• DATA FOR THIS TASK:
_ _ _ _

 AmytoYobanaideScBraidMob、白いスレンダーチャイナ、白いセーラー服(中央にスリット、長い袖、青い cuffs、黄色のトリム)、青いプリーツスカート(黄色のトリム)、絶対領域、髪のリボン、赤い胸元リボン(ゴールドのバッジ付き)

_ _ _ _

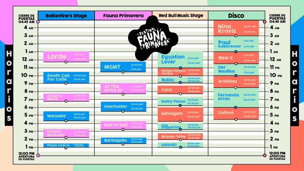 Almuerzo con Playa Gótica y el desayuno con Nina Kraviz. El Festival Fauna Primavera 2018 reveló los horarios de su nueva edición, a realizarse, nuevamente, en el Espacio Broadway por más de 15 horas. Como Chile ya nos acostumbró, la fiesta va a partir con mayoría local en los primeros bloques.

_ _ _ _

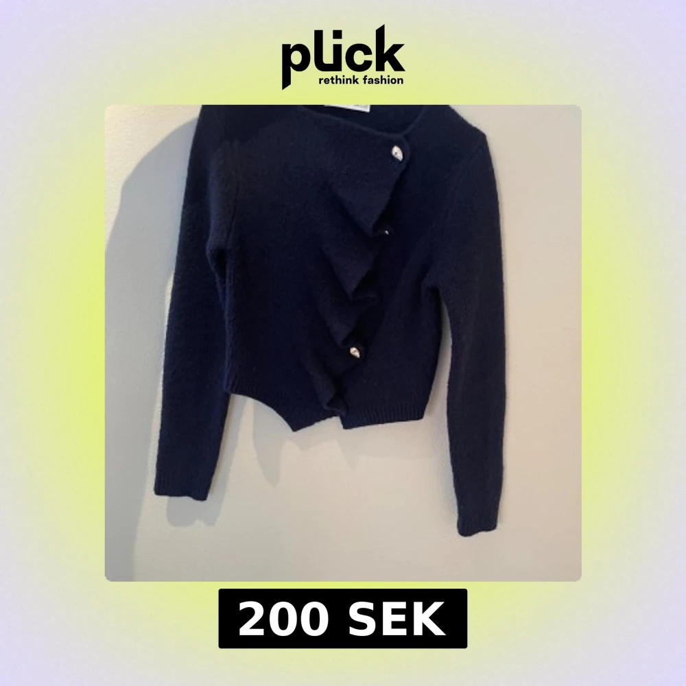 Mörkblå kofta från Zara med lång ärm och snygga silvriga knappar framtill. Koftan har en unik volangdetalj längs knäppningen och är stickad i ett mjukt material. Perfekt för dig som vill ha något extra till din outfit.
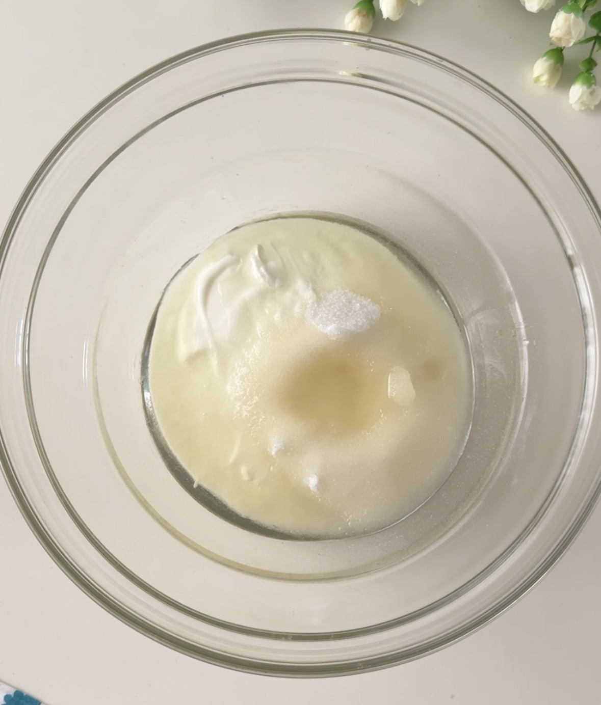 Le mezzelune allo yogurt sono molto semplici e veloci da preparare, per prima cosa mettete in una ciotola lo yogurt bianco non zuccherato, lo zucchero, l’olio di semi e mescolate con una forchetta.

_ _ _ _

• WHAT YOU SHOULD DO:
Although the records above contain pictures, the copy should not; retype exactly the lines from the one containing "Mörkblå kofta från" through the one containing "Le mezzelune allo".

• EXPECTED ANSWER:
 Mörkblå kofta från Zara med lång ärm och snygga silvriga knappar framtill. Koftan har en unik volangdetalj längs knäppningen och är stickad i ett mjukt material. Perfekt för dig som vill ha något extra till din outfit.
 Le mezzelune allo yogurt sono molto semplici e veloci da preparare, per prima cosa mettete in una ciotola lo yogurt bianco non zuccherato, lo zucchero, l’olio di semi e mescolate con una forchetta.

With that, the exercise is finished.